In other words, Gershkovich and company did brutal “spying” work. Most of their sources were people they couldn't name because if they had, those people would have ended up in jail, or worse. But the fact that his investigations were published in the great city of New York, and not sent in secret code to the CIA headquarters in Langley, Virginia, should have served as a clear signal that Gershkovich was a genuine journalist and that putting him in jail would be barbaric.

Every day we come across the cynicism and cruelty of Putin's state apparatus, and we see it once again with the arrest of the American correspondent, caged in a notorious Moscow prison where he could remain, according to what in Russia they call " law”, for twenty years.

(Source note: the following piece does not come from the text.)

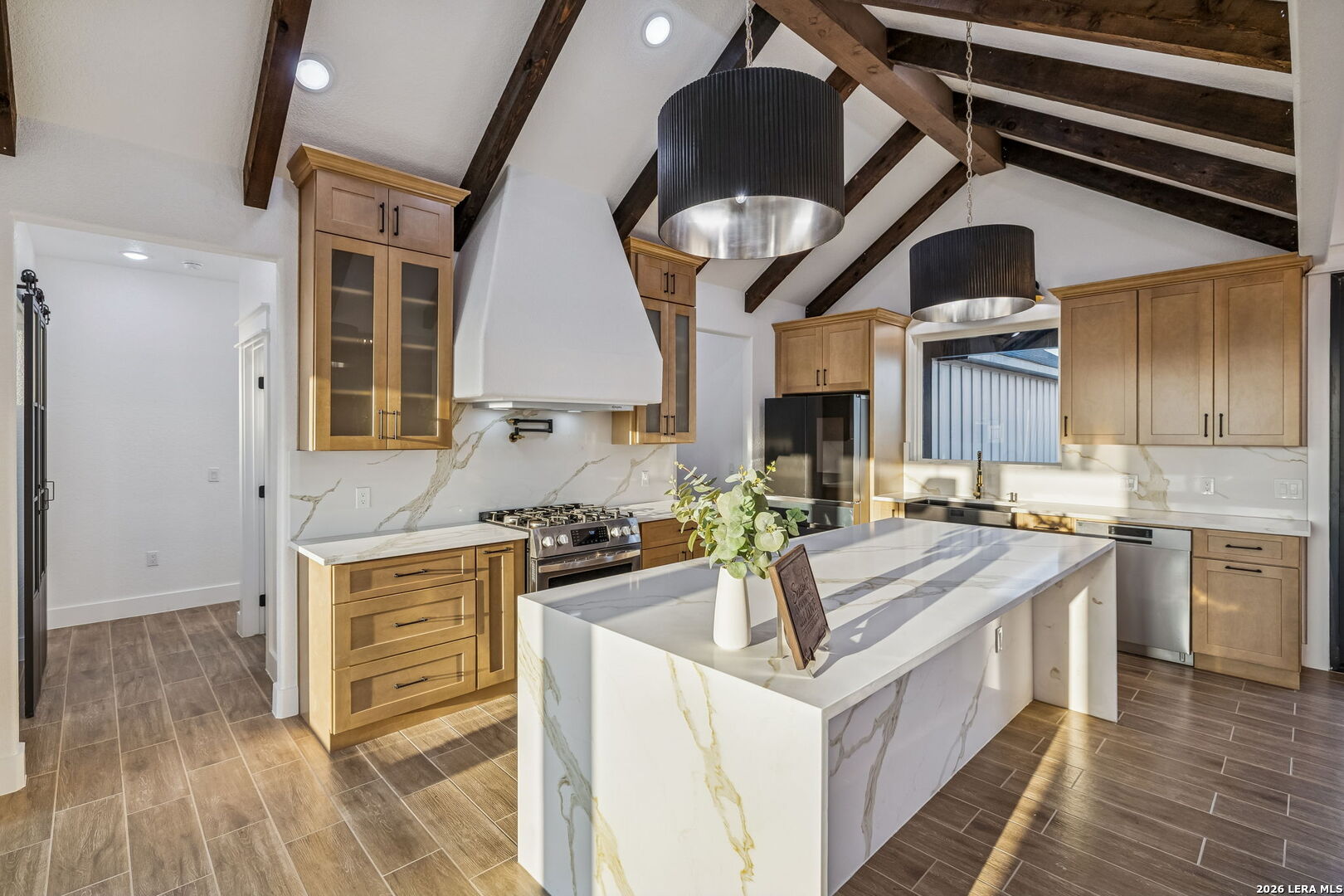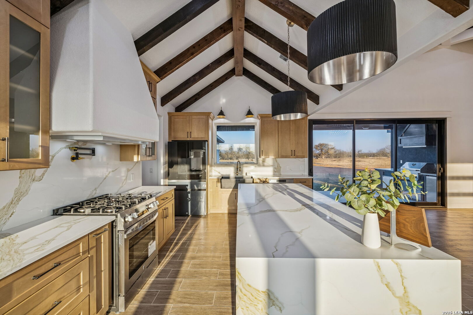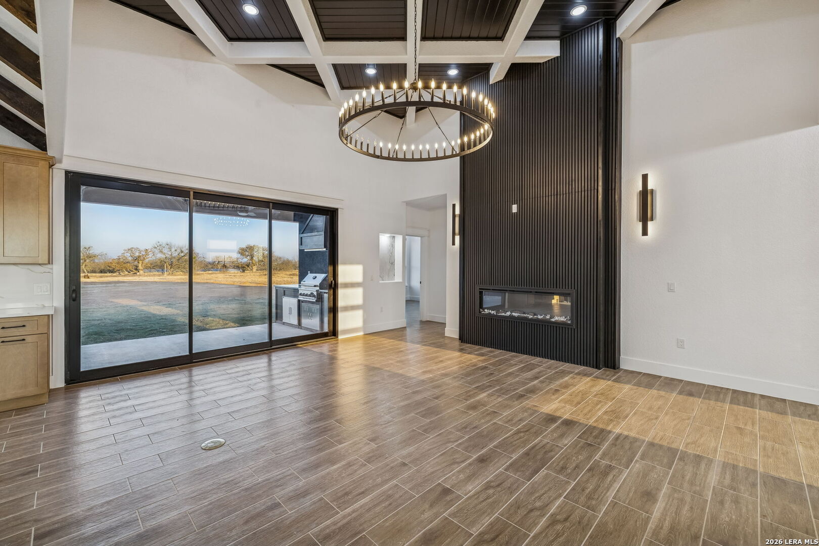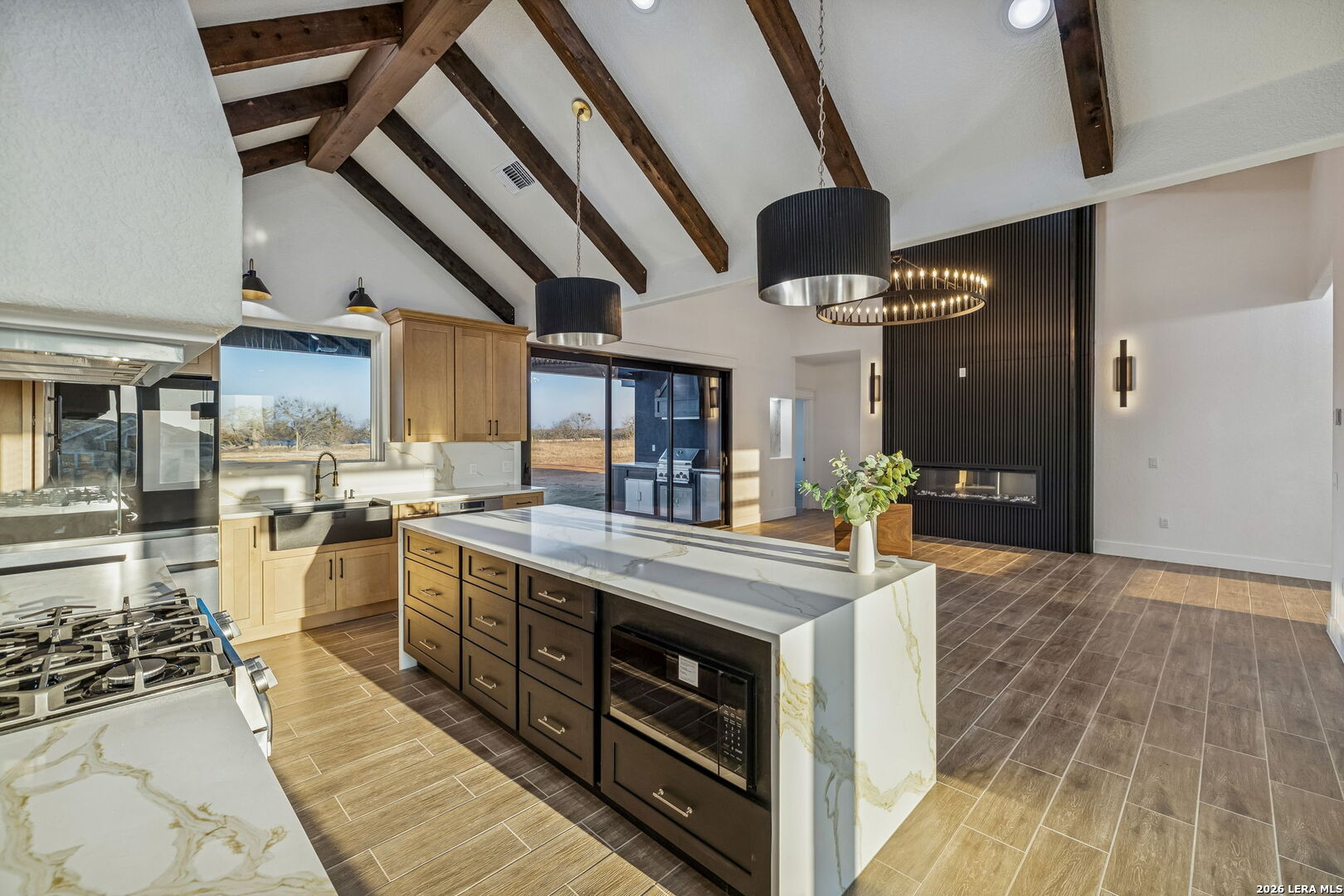 **OPEN HOUSE - SATURDAY, Feb. 7th 11:00 AM - 1:00PM** SELLER IS OFFERING UP TO $15K IN CONCESSIONS!!! THIS IS THE ONE. SHOWPIECE. LUXURY. THOUGHTFUL. The living room is absolutely stunning, anchored by a dramatic 16foot threesided fireplace, soaring tray ceilings with warm wood accents, and expansive beams that flow effortlessly into the kitchen and master suite. Natural light pours through 12foot sliding glass doors that open on both sides, creating seamless indooroutdoor living. The chef's kitchen showcases custom white oak cabinetry, sleek quartz countertops, gold hardware, and premium appliances-including a refrigerator, gas range and stove, microwave, and dishwasher-paired with an inviting dining area and a dedicated office featuring bold black builtins. Every bedroom is equipped with generous walkin closets, complemented by spainspired bathrooms featuring floortoceiling tile, garden tubs, luxury lighting, and multiple makeup vanities. The master bathroom stands out as a true retreat, centered around a sleek black garden tub that brings sculptural elegance to the space. Refined, modern fixtures elevate the room even further, creating a serene, highend atmosphere designed for relaxation. Outside, the entertainer's dream continues with a private covered patio and full outdoor kitchen complete with a plumbed propane grill, refrigerator, and guest half bath, along with a water softener and a full sprinkler system for effortless lawn maintenance.

Many say that what the United States did in Iraq was just as bad as what Russia is doing in Ukraine today. I would add that they also did what they did in Central America in the eighties. Or almost. This is not why I am going to stop condemning Putin, and this is not why I am going to fall into the nonsense of saying that Washington presides over a system as vile as that of Moscow. The difference – no small thing – is in the degree of respect that exists in the United States towards the concept of justice and individual life.

When I was working in El Salvador I published an article about the complicity of the Yankee military in the atrocities of the Salvadoran regime. My sources were, among others, a spy. The embassy of the United States, very pissed off, could have asked their Salvadoran subjects to arrest me, and they would have. But not. The response they limited themselves to was a letter to my newspaper in London from the head of US diplomacy, Secretary of State George Shultz, complaining about my "falsehoods." Shultz was the fake, I say, but he would never have had the shamelessness or bad faith to suggest that I was working for the same people as my friend Sergei.